Et sachez ceci : il n’existe pas de version du vieillissement où tout le monde continue de conduire pour toujours. Finalement, chaque famille a cette conversation, ou quelque chose se produit qui rend la conversation inutile de la pire des manières. Le tenir maintenant, même si vous pouvez le faire avec amour, est un cadeau pour vos parents et un cadeau pour vous-même. L’alternative – la conversation que vous avez dans la salle d’attente d’un hôpital après un accident – est celle dont personne ne se remet.
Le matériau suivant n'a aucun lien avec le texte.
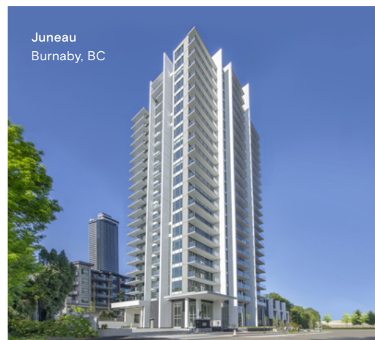
Juneau Burnaby, BC
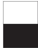
1/2 Pg. Horz.
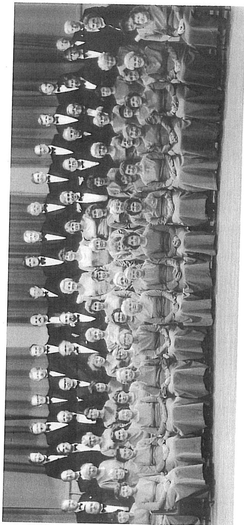
Oldham Choral Society, March 1984
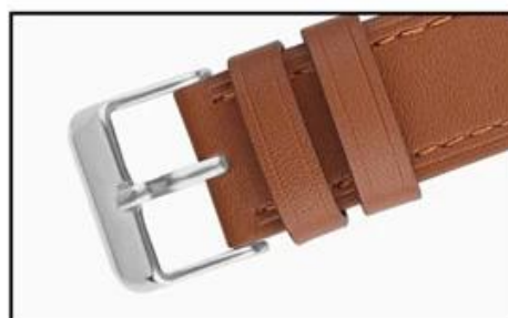
Stainless steel buckle
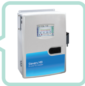
M9 On-Line 0.03 ppb – 50 ppm
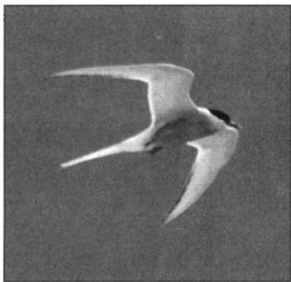
In early June 1997 in far western Texas, this adult Arctic Tern furnished the (long-awaited) first fully confirmed record for the state.
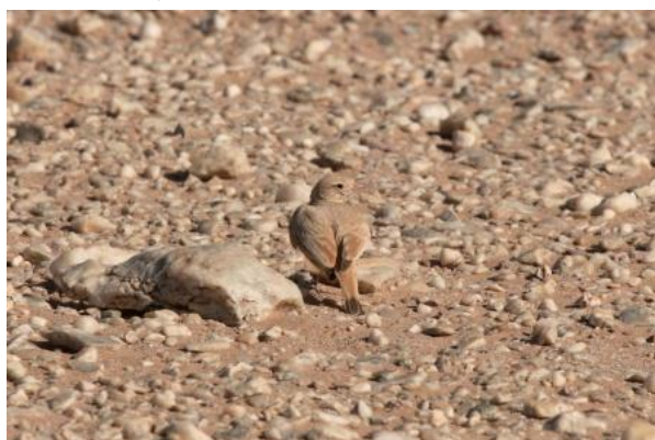
Bar-tailed Desert Lark, Aousserd road km183
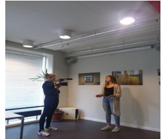
Interviews on television
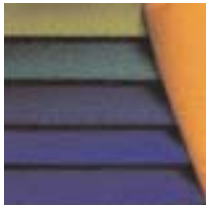
Gaja - new colours
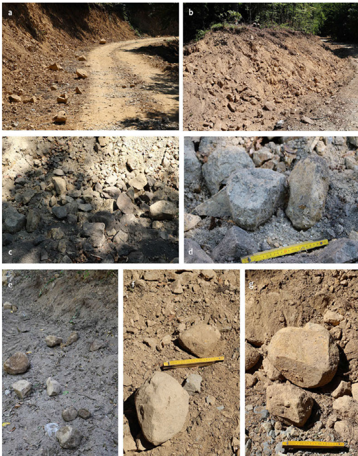
Fig. 10. Egg-shaped stones fallen from the bank on the side of the road which leads to the mountain top
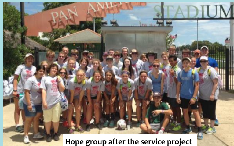
Hope group after the service project
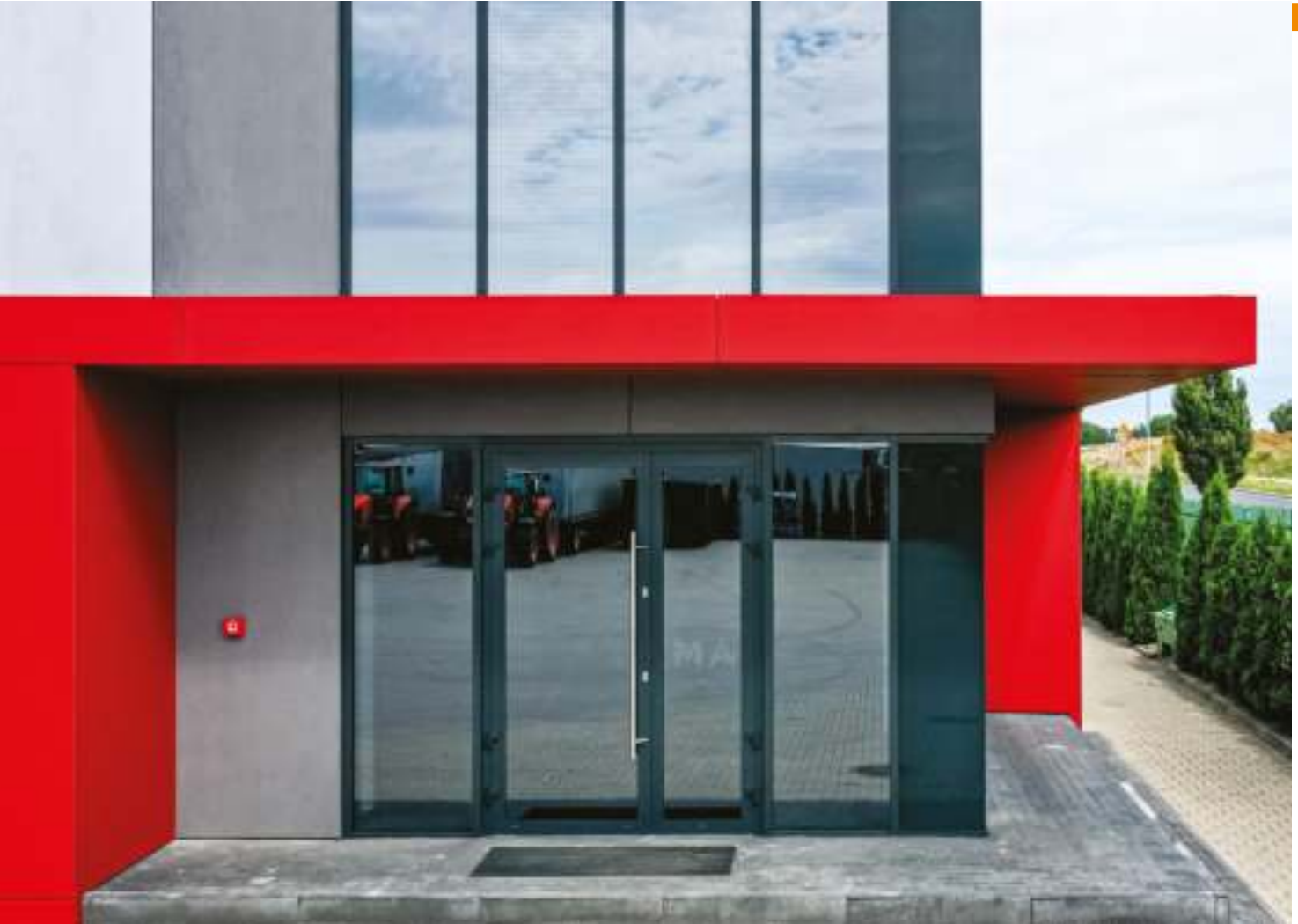
AMAK company headquarters, Lubawa. 2019
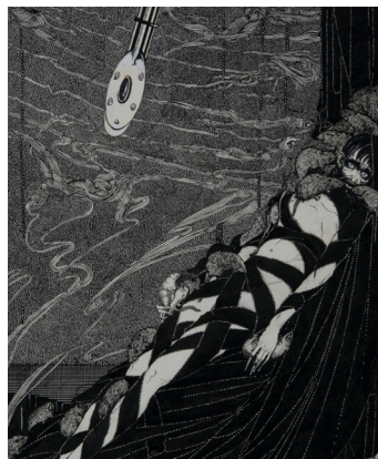
THE PIT & THE PENDULUM, Harry Clarke (1889-1931), 1919. Pen and ink, 9 x 7". TALES OF MYSTERY & IMAGINATION: EDGAR A. POE
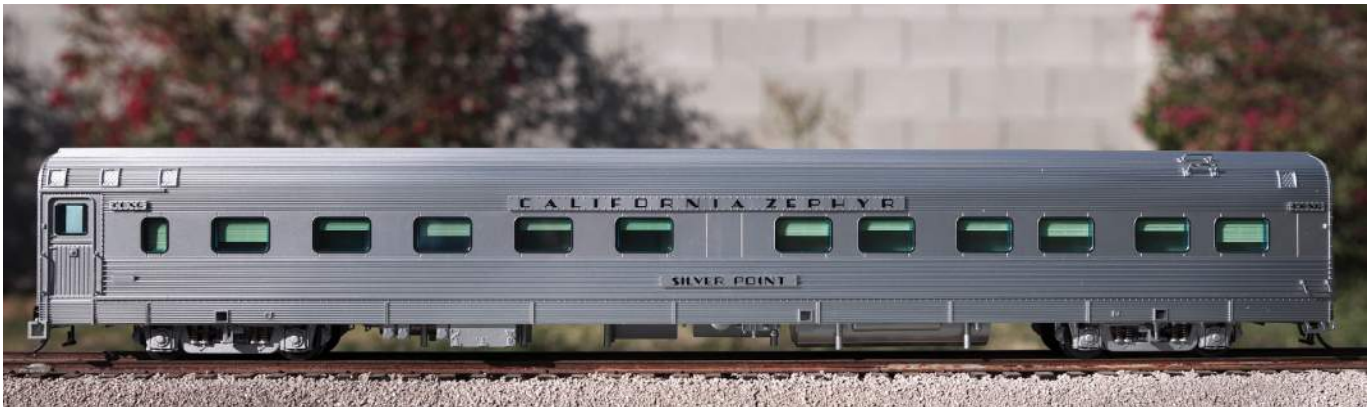
Atlas 10-6 Budd Sleeper "Silver Point"

Si vous êtes le conducteur le plus âgé qui lit cet article — peut-être parce qu'un de vos enfants vous l'a envoyé ou parce que vous étiez assez curieux pour le rechercher vous-même — sachez deux choses.
La première est que vouloir continuer à conduire n’est pas un entêtement ou un déni. C’est l’une des choses les plus raisonnables qu’une personne puisse souhaiter. La liberté de se déplacer à travers le monde est liée à tout ce qui fait que la vie d’adulte ressemble à une vie d’adulte, et la perspective de la perdre est terrifiante. Quiconque vous dit que vous devriez simplement y renoncer gracieusement n’a pas suffisamment réfléchi à ce qu’il demande.
La seconde est que si vos enfants sont venus vers vous avec cette conversation, ils ne sont pas venus parce qu’ils veulent vous contrôler. Ils sont venus parce qu’ils vous aiment et qu’ils ont peur. Ils étaient probablement terrifiés à l’idée d’en parler. Ils l'ont probablement répété. Ils auraient probablement souhaité ne pas avoir à le faire. La chose la plus courageuse que vous puissiez faire, en tant que parent dans cette conversation, est de recevoir son amour sans l’obliger à le défendre. Vous n’êtes pas obligé d’être d’accord avec tout ce qu’ils disent. Il vous suffit d'écouter, de réfléchir, d'être prêt à répondre à l'évaluation et d'être honnête avec vous-même lorsque la réponse revient. Vos enfants ne sont pas vos ennemis. Ce sont ces personnes qui seront là pour vous longtemps après le départ de la voiture.